Cuando se dieron vuelta las hinchadas, cuando, según un sociólogo de Ñuls, las
masas de pobres que vinieron del Norte a trabajar en el boom de la construcción de
Rosario terminaron por ser de Ñúbel por el sutil rechazo de los canallas, demasiado
oriundos, demasiado rosarinos. Cuando empezó a haber dos barras bravas.

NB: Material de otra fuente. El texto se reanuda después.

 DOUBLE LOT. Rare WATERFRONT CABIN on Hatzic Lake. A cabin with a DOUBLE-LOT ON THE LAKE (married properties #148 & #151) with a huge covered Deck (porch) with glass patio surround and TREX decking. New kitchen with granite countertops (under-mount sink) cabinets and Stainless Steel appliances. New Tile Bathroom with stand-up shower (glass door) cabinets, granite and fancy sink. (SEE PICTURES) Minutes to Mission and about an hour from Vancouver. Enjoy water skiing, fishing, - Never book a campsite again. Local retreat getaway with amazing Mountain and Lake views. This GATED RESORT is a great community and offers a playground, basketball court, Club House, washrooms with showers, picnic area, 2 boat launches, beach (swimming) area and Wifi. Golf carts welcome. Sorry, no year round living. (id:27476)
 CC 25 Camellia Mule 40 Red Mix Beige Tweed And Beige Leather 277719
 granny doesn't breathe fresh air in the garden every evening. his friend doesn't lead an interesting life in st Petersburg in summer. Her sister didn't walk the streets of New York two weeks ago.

Era una semifinal y el loco Bielsa, como hacía siempre, gritaba desde el costado de
la cancha. Y había tanta gente que en muchos momentos, en un partido que no fue
nada del otro Mundo, la punta de mis pies dejaba de tocar el suelo y era alzado,
levantado, apretado, comprimido, por la multitud. Y el loco seguía gritando hasta
que, como pasaba casi siempre, el réferi lo echó, ordenó que el loco se fuera de la
cancha y se dejara de gritar. Y el Profeta obedeció aparentemente y se fue al túnel,
pero no bien había desaparecido cuando sólo su cabeza se asomó por sobre la línea
horizontal de entrada y allí, como un dibujo animado, haciendo esfuerzos por no
agitar los brazos y hacerse demasiado notorio, siguió gritando, marcando,
ordenando.
Los años pasan, las cosas se desvían para acá, para allá. Fui o vine seguido a
Rosario durante los dos últimos años, conversé, hablamos de Ñúbel con mis
hermanos. Cuando les leí las primeras páginas de esto, todo era indetenible: el
conocimiento de los matices, de los nombres, de las épocas, de las capas
geológicas envolvía las escasas páginas como innumerables frazadas, tules,
enriqueciéndolas, aumentando el volumen, matizando, reconociendo errores, goles
en contra, épocas nefastas, dirigentes carcomidos hasta la médula, y victorias,
brillos, goces estentóreos, o silenciosos, disfrutados en el recato mimoso de la
victoria aplastante. Como los años pasan, y las cosas se desvían, bien podría dejar
de venir, así como un día empecé a venir más y por lo tanto a empaparme, sin dejar
de ser un visitante. Por ahora lo que registro es esto, acepto las cosas que llegan y
las que se van, sin que las que desaparecen formen un pesado manto sobre las
nuevas. No siento ese sufrimiento espantoso, terrible que a veces carcome las
mejillas de los canallas cuando pierden, sobre todo con nosotros. Esas ocasiones en
que quedan con los bigotes lacios, ferruginosos, caídos, amargados hasta la
médula, destruidos por un dolor sordo, ceniciento, tal vez el rasgo que más les he
admirado siempre. Esa cosa sufrida hasta el hueso, opaca, esperando de nuevo el
triunfo, la alegría bárbara de derrotar al otro, a Ñúbel. Más que el triunfo en sí, la
necesidad de que exista Ñúbel, y no cualquier otro cuadro. A tal punto que cabría
preguntarse si existiría Central en caso de no existir los leprosos como desafío,
como camorra de una forma de vida y de pensar tan distinta, una vida que incluye la
posibilidad de existir sin Central. La necesidad de que existamos para existir ellos,
para que estén siempre las ganas de la derrota nuestra más que las del triunfo a
secas con cualquier otro cuadro. El placer, por ejemplo, de imaginar aquella vieja
película de Maradona jugando de pibe, amasándola, moviéndola, acariciándola,
alegre, con una camiseta de Ñúbel, aplicada con computadora, sin falsificar
demasiado las cosas, porque el rojo y el negro lo estaban esperando lejos, sin
presionar, sin insistir demasiado, más allá de años y desvíos.